I realize that hymns were written to be sung by congregations. But sometimes it’s a good exercise to read the lyrics in a hymnal. Have you ever done that? I hope you own a hymnal. Every Christian home should have one. And I hope you use it for good reading material.

A dear friend of mine gifted me with an artful collection of first verses of well-known hymns. It is spiral bound so I can just flip from one to another and have a work of art on display for a few days at a time. Not only are the decorated pages beautiful, but the words are very meaningful, especially when I stop to meditate on each phrase.

Right now, the hymn text I have up is the first verse to “Beneath the Cross of Jesus.” Not a hymn that is sung much any more, if ever. The first line says: “Beneath the cross of Jesus I fain would take my stand.” Fain in an old word that means pleased, willing, with pleasure, gladly. Interesting! Do we gladly take our stand for the cross, knowing that it is a bloody, horrendously difficult place to be? But because of all that was accomplished there by our Savior, it has become a beautiful symbol of reconciliation, shelter, love, and wonder. I always say that if God could take the ugliest thing in the world (crucifixion) and turn it into something beautiful, then He can still take the ugly things in my life and turn them around for good.

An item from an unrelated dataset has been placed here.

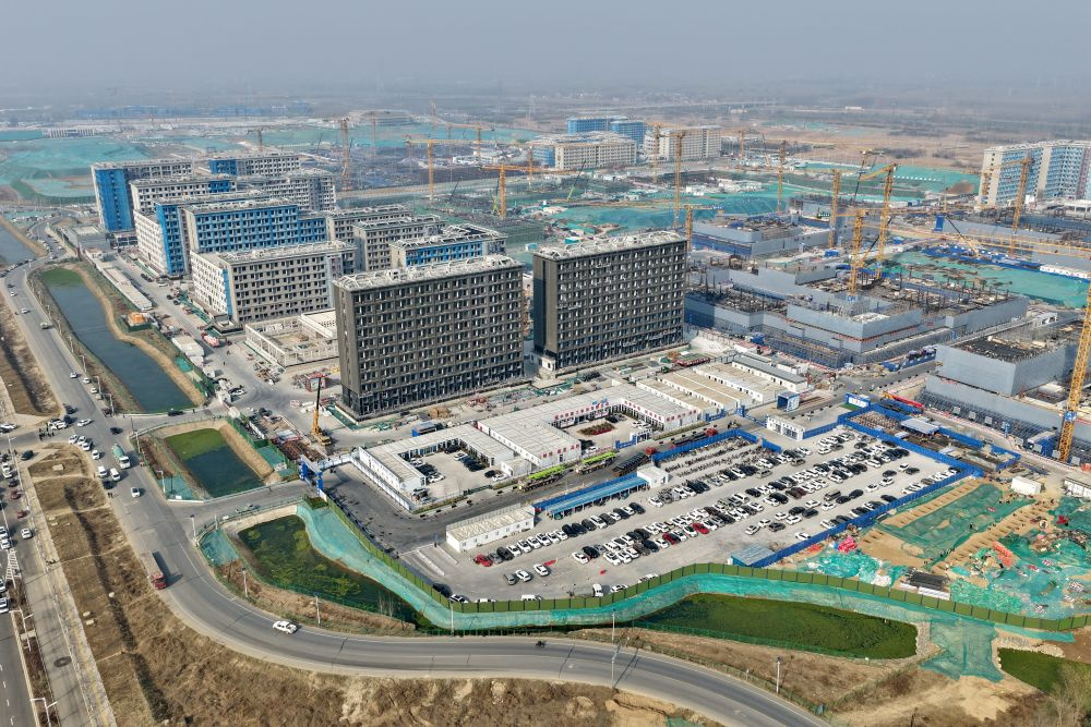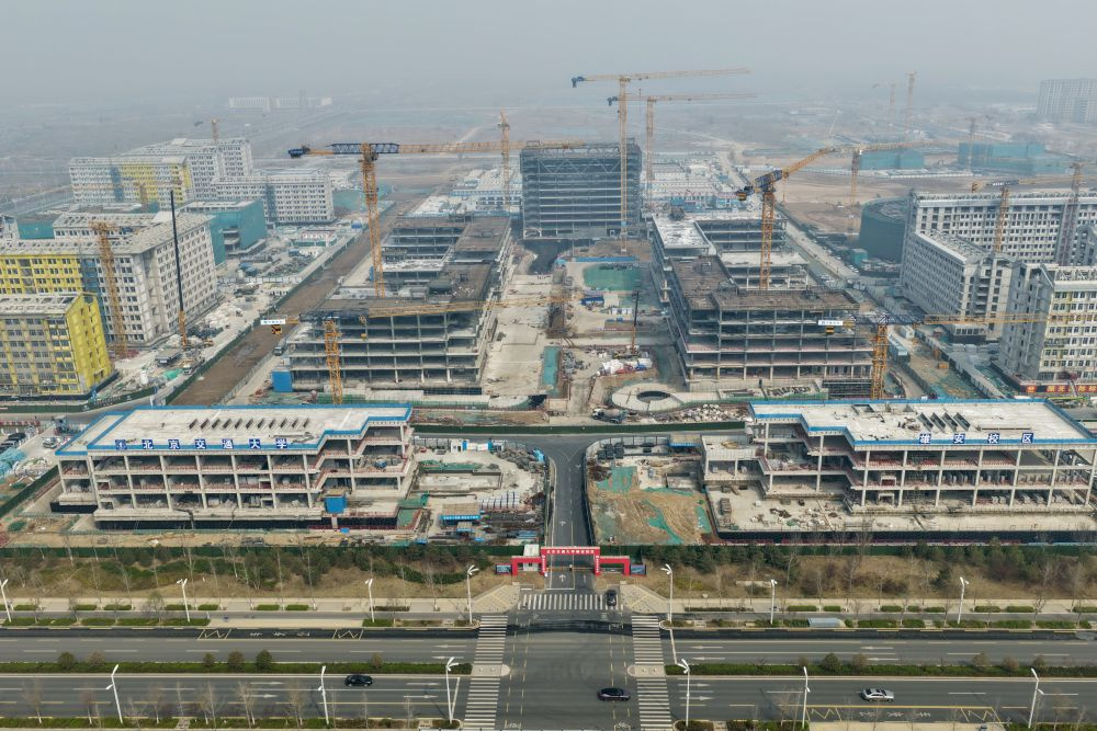 ↑北京科技大学雄安校区建设现场(3月25日摄,无人机照片)。

The rest of the first verse uses these phrases to describe the cross: “a mighty rock within a weary land, a home within the wilderness, a rest upon the way.” We must pause periodically at the cross to ponder the significance of what Christ’s sacrifice makes possible. When we do, we can appreciate the author’s last verse and take our stand with her (Elizabeth Clephane). “I take, O cross, thy shadow for my abiding place. I ask no other sunshine than the sunshine of His face; Content to let the world go by, to know  no gain nor loss, My sinful self – my only shame, my glory: all the cross.”

Deep, right? Has the cross become our refuge from the storms of life? Our protection from the burning sun? Our guarantee that death is not the end of what is good and right? Yes, it marks the end of pain, but also the passageway to an eternal existence free from pain and trouble. If our Savior, the perfect Son of God, endured the cross for us, can we not endure a lesser cross for His sake, through His strength? 

“The preaching of the cross is, I know, nonsense to those who are involved in this dying world, but to us who are being saved from that death it is nothing less than the power of God” (1 Corinthians 1:18, J.B.Phillips).